Keyhole can reads in a sample JSON document and populate data using randomized values. This is especially useful for developers or QA to populate data before performing any tests. For example, your have a document with following structure in file template.json.

{
	"_id": {"$oid": "a1b2c3d4e5f6f7e8d9c0b6a8"},
	"email": "simagix@gmail.com",
	"hostIP": "192.168.1.1",
	"shortString": "Atlanta",
	"longString": "This is another string value. You can use any field names",
	"number": 123,
	"hex": "a1023b435c893d123e567f3487",
	"objectId": {"$oid": "a1b2c3d4e5f6f7e8d9c0b6a8"},
	"lastUpdated": {"$date": "2018-01-01T01:23:45Z"},
	"array1": [123, 456, 789],
	"array2": [ "little", "cute", "girl" ],
	"array3": [
		{"city1": "New York", "city2": "Atlanta", "city3": "Miami"},
		{"city1": "Chicago", "city2": "Dallas", "city3": "Houston"} ],
	"subdocs": {
		"attribute1": {"email": "ken.chen@mongodb.com"}
	}
}

To view an example of document, execute the command below.

keyhole --schema --file template.json

A example of result is shown as following.

{
  "_id": {
    "$oid": "de763b679dc88d11243b0bc2"
  },
  "array1": [
    8511,
    8162,
    5089
  ],
  "array2": [
    "Olivia",
    "Michael",
    "Olivia"
  ],
  "array3": [
    {
      "city1": "Ava",
      "city2": "Linda",
      "city3": "Ava"
    },
    {
      "city1": "Robert",
      "city2": "Mary",
      "city3": "Jennifer"
    }
  ],
  "email": "Richard.S.Jones@amazon.com",
  "hex": "dcd554c200aa94d6b11729b39b",
  "hostIP": "45.156.103.220",
  "lastUpdated": {
    "$date": "1987-09-24T12:43:52-04:00"
  },
  "longString": "There's no place like home. All right, Mr. DeMille, I'm",
  "number": 563,
  "objectId": {
    "$oid": "d739c08d26448db599b89278"
  },
  "shortString": "Richard",
  "subdocs": {
    "attribute1": {
      "email": "Liam.L.Smith@google.com"
    }
  }
}

Using a template, keyhole is intelligent enough to detect data types. More importantly, for the string type, keyhole can detect a few special formats, and they are email address, IP, date/time with yyyy-MM-ddT\.* format, and HEX, respectively and then replace their values with randomized values of their formats accordingly. Note that ObjectID() and ISODate() are not valid JSON syntax and you have to change them to a sub document using $oid and $date keywords.

Document Creation

Keyhole by default seeds 1,000 documents at a time to namespace _KEYHOLE_.examples

keyhole --uri mongodb://user:password@localhost:27017?authSource=admin \
    --seed --file template.json

You can specify the total number of documents to be created by including a --total flag.

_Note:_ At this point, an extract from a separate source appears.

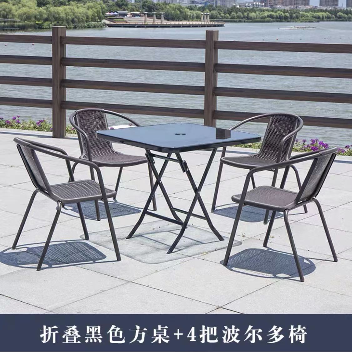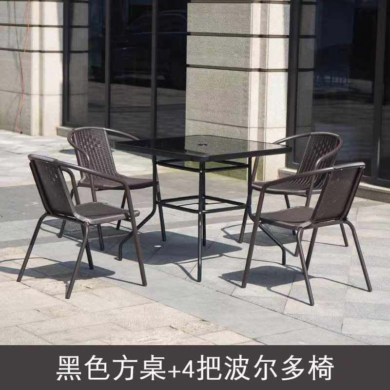 • 80 검정색 조립식 사각 테이블 + 의자 4개 + 단일 상단 중앙 기둥 우산
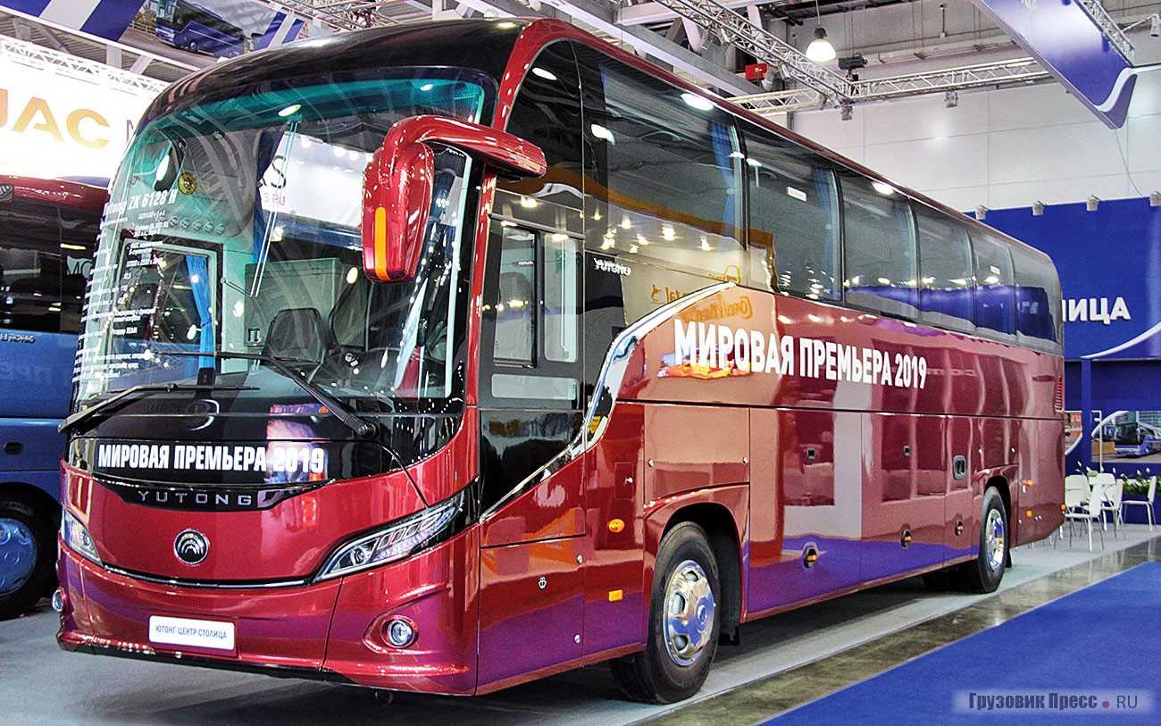 «Комтранс» редко становится ареной мировых автобусных премьер. Китайская компания Yutong, найдя в рынке России большой потенциал, развернулась во всю ширь, выставив сразу 6 моделей. Особое место было отведено 53-местному лайнеру Yutong ZK6128H с турбодизелем Cummins ISL мощностью 360 л.с. уровня Euro 5, ориентированному на рынок дальних пассажирских перевозок. Базовая цена в 10 млн рублей оправдывается богатой комплектацией: контроль слежения за полосой, бортовые компьютеры с сенсорным экраном, медиасистемы, Wi-Fi роутер, гнёзда с USB-зарядкой, двухзонный климат-контроль, кулер, холодильник, туалетная кабина. Для багажа предусмотрены высокие отсеки общей вместимостью 12,5 м, что является потолком для двухосных машин длиной 12,3 м.

keyhole --uri mongodb://user:password@localhost:27017?authSource=admin \
    --seed --file template.json --total 5000

By default, keyhole inserts into the _KEYHOLE_.examples collection with dropping the collection first. To drop the _KEYHOLE_.examples before any document insertion, include the --drop flag.

keyhole --uri mongodb://user:password@localhost:27017?authSource=admin \
    --seed --file template.json --total 5000 --drop

Monitoring

There are two ways to begin monitoring, and they are with --peek and --monitor options, respectively.

Quick Snapshot --peek

Keyhole can collect server status data by issuing db.serverStatus() to a node or a cluster with the --peek flag. if keyhole connects to a replica set, it will connect to the primary node. Below is an example of connecting to a standalone instance.

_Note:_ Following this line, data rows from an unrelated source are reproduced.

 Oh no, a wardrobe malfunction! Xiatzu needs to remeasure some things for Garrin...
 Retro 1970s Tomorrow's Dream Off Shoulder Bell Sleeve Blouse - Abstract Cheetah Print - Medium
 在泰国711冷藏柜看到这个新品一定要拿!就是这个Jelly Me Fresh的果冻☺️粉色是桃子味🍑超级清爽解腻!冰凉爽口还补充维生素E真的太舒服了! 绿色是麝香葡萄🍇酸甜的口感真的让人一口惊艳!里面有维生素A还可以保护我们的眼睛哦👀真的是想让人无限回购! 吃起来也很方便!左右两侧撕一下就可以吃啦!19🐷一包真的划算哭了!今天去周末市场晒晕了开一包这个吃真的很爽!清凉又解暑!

keyhole --uri mongodb://user:password@localhost:27017?authSource=admin --peek

By default, keyhole runs for a period of 5 minutes and intends to take a "snapshot" of the system performance. To prolong the monitoring time, include the --duration flag. For example, to monitor a cluster for 60 minutes, do

keyhole --uri mongodb://user:password@localhost:27017?authSource=admin \
    --peek --duration 60

For a sharded cluster, keyhole connects to the primary node of all shards. The reason of doing so, instead of remaining at mongos, is to collect more stats, such as wiredTiger stats data, and provide a partial view of the entire cluster.

Stats Viewing

At the end of a keyhole, including monitoring and load test, it writes data to a file under system's default temporary directory. Save the file and you can view the summaries again using keyhole with --view flag. For example,

keyhole --view /tmp/keyhole_stats.2018-06-04T084021

Monitor Mode --monitor

With --monitor flag, keyhole collects server status using db.serverStats() every 10 minutes for, by default, 24 hours. At the end of each run, same as using --peek, keyhole prints a summary and stores server status data in a file.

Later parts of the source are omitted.